Be Not Far from Me(8)
When I wake up I know two things.
One is that it’s nearly noon and somebody should’ve come looking for me by now. And the other is that I have really fucked up my foot. In the moonlight all I could make out was the damage done to my toes, but once I unwrap my shirt there’s a lot more on display, and none of it should be visible.
The human foot is a complicated thing, and I know a lot about it after putting hundreds of miles of trail underneath mine. When you hike as much as I do you learn that small parts you didn’t know you had can hurt until it seems like it’s the only bit of you to feel anything at all. There are twenty-six bones in my foot, and right now I can see a handful of them, plain as day, as well as a tendon with a tear that is going to send me into a world of pain as soon as I try to stand up.

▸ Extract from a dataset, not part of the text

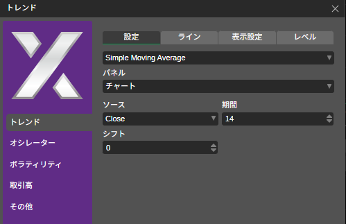 | チャート | テクニカル分析 アラート設定 スナップショットなど |
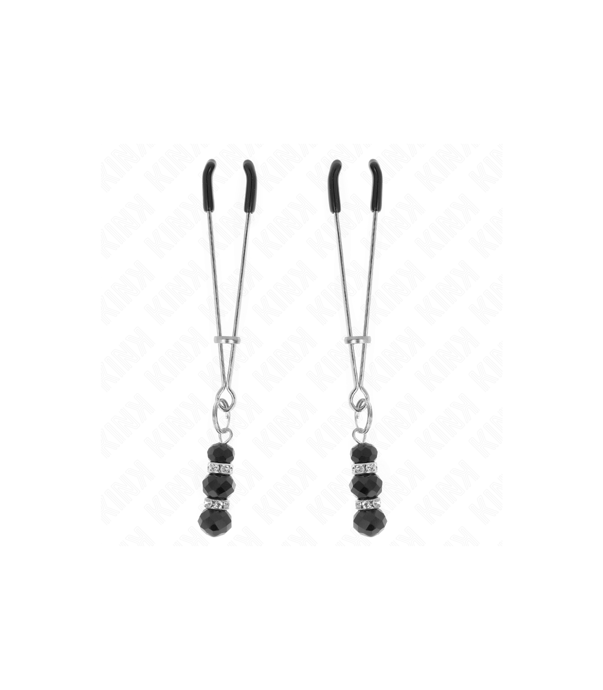 KINK - PINZAS PARA PEZONES PLATEADA FINA CON TRIPLE BOLA DE VIDRIO NEGRO 7 CM

But I’ve got to, because the sun is high, and my head is pounding, my lips cracked and begging for a drink. Water is my first priority, and I’m lucky enough to remember splashing through a stream last night before keeling over. I pull myself to the edge of the ridge and spot it, although using the word stream would be an exaggeration.
It’s a trickle of water, runoff from places higher than this one, going in search of something lower. Everything it touches as it heads downward is in there; animal shit and rotting plants, all kinds of things that I don’t want in me but don’t have much choice about right now. If I had my pack, I could drop a purification tablet into my canteen, but I don’t even have my canteen. All I’ve got is my mouth and my hands, and I guess it’s enough because a few minutes later I’m not thirsty anymore. I’m worried about my foot and if I just ingested any bacteria, but mostly the basic part of me needed a drink, so I went and got one.
My next challenge is going to be standing up.
I know it’s going to hurt, know that fresh blood is going to gush and agony will rush up my leg and take over my head in a black wave. But knowing doesn’t make it any easier, and a noise comes out of me no sane person can make, as I lean against a tree for support and force myself to breathe in deep breaths until the spots in my vision start to fade.
So I’m up. Now I’ve got to walk.
My immediate thought is Fuck that. But my other option is to yell for help, and to be honest I’d rather pass out four or five times on the way back to the campsite than admit that I need it. It’s deep inside me, a gene come down from my momma that drove her to do everything alone—even that last thing, which was leaving. That little bit of DNA is mixed in with my dad’s inability to say he was wrong about something, an explosive mix that blew their marriage to bits when I was just a kid.
Put those things together inside of one person instead of facing off and what you get is me. I’m a living example of the old saying “If you want something done right, do it yourself,” because I sure as hell am never wrong and other people just get in my way. Even when my foot is flayed open and I’m alone in the woods, I am not calling for help. I’ll drag myself back to camp on my elbows before I admit I can’t do this on my own.
Thing is, I’m not so sure which way camp is. I was hurting in more ways than one when I ran last night. Drunk, hysterical, injured. I don’t know how far I went or what direction I was pointing, which is an issue. It’s like a math equation—there can only be so many unknown variables before it becomes an unsolvable problem. I can find north easy enough, but I don’t know which way the camp is.
I lean forward, grabbing for the next tree that can hold me and taking a hop, bad foot in the air. The pain is enormous, but I grit my teeth and aim for the next tree until I can scan the far ridge closely.
I’ve never been much of a hunter, but Dad taught me to track so that I’d know what was in the woods with me. Looking for the passage of something as big as an insane teenage girl should be easy, I think, as I look for signs I made last night. There’s a decent furrow where it looks like I went down on my shoulder and slid a good ways toward the stream, and a break in the bracken at the top where I busted through.
Good enough. I take a deep breath, bracing myself for the climb—which is nearly impossible when all I can do is hop. I fall twice, misjudging the reach of my arm and ending up with a face full of leaves, and once nearly losing an eye on a downed limb. Even then I won’t yell for my friends; instead I say Goddammit under my breath and get back up. I figure God can hear me, at least, and should know how I feel about the situation.
By the time I reach the top my foot feels like a lead weight at the end of my leg, and my knee hurts from keeping it bent. There’s sweat running down my face and pooling in my bra, but goose bumps popping underneath it when I pass into the shade. It’s not warm and not cold right now. It’s the perfect temperature to make you unhappy both ways.
But it’s the least of my problems once I reach the top.
I bitch all the time about people who don’t know how to walk in the woods, the ones that break branches and kick up noise, turning over rotting wood with one step and crushing new growth with the next. I don’t want to hike with them, for sure, but I wish in this moment that I was one of them.
Apparently even when I’m a drunk crazy woman I don’t leave a trail.
I swear and slide to the ground, leaning back against a tree for support. I stretch out my knee and take a good look at my foot, trying not to get freaked about the fact that my tendon is taking a good look back at me. It’s not bleeding so much anymore, but it’s starting to swell from hanging at the end of my leg like a pendulum. I take my shirt back off and tie it tight around my foot, ignoring the throb of pain from my own pulse as I do.